My process: $$(1) : \ce{C2H2(g) + 5/2 O2(g) -> 2CO2(g) + H2O(g) }\quad \Delta H^\circ_\text{r} = -1301\ \mathrm{kJ}$$ $$(2) : \ce{C(s) + O2(g) -> CO2(g)} \quad \Delta H^\circ_\text{r} = -394\ \mathrm{kJ}$$ $$(3) : \ce{H2(g) + 1/2O2(g) -> H2O(g)} \quad \Delta H^\circ_\text{r} = -242\ \mathrm{kJ}$$
$$\text{Target:}\ \ce{2C(s) + H2(g) -> C2H2(g)}$$
After some experimentation I arrive at:
$$-1\times(1) + 2\times(2) + (3) = \text{Target}$$
As shown through: $$-1\times(1){:}\ \ce{2CO2(g) + H2O(g) -> C2H2(g) + 5/2 O2(g)} \quad \Delta H^\circ_\text{r} = 1301\ \mathrm{kJ}$$ $$2\times(2){:}\ \ce{2C(s) + 2O2(g) -> 2CO2(g)} \quad \Delta H^\circ_\text{r} = -788\ \mathrm{kJ}$$ $$(3){:}\ \ce{H2(g) + 1/2O2(g) -> H2O(g)} \quad \Delta H^\circ_\text{r} = -242\ \mathrm{kJ}$$ $$\text{Sum:}\ \ce{2C(s) + H2(g) -> C2H2(g)} \quad \Delta H^\circ_\text{f} = 271\ \mathrm{kJ}$$
Now as far as I know, all the givens are accurate empirical values.
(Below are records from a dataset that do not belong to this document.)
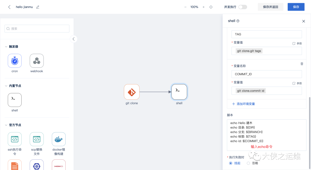 6、在shell节点右侧参数抽屉中的脚本中输入以下echo命令,执行后的日志中会输出这里定义的环境变量。脚本示例: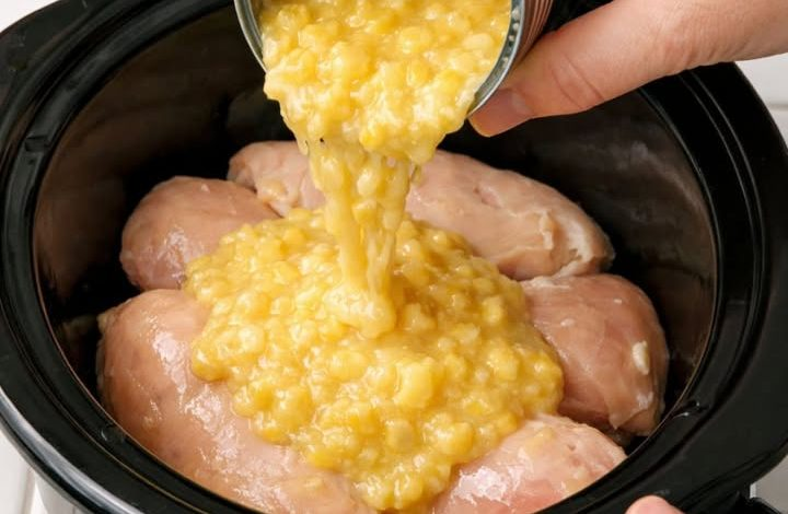 Place the uncooked chicken breasts in a single layer at the bottom of a 5–6 quart slow cooker. Pour the cream-style corn on top, then add the chicken broth along with the salt and pepper.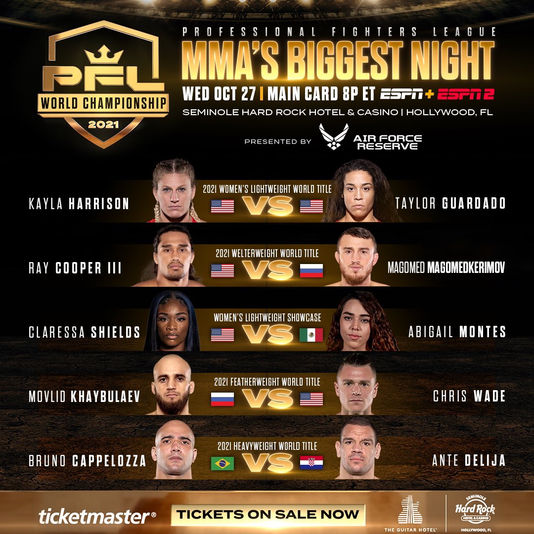 BIGGEST NIGHT IN MMA: PROFESSIONAL FIGHTERS LEAGUE ANNOUNCES FIGHT CARD FOR WORLD CHAMPIONSHIP ON WEDNESDAY, OCTOBER 27 Six World Title Fights with Six Million Dollars on the Line Live on ESPN2 and Simulcast on ESPN+ Kayla Harrison and Taylor Guardado headline PFL World Championship Main Card Two-Time Olympic Gold Medalist Claressa Shields Returns to the … Continue reading BIGGEST NIGHT IN MMA: PROFESSIONAL FIGHTERS LEAGUE ANNOUNCES FIGHT CARD FOR WORLD CHAMPIONSHIP ON WEDNESDAY, OCTOBER 27

But the empirical value for $\Delta H^\circ_\text{f}$ for $\ce{C2H2(g)}$ is $227\ \mathrm{kJ}$.
What’s even weirder is that this disparity $(271-227=44)$ is equal to the difference between standard enthalpies of formation for water in gas and liquid states $(-242 - -286 = 44)$.
Have I made an error somewhere, or is water formed in the liquid state during the combustion of acetylene?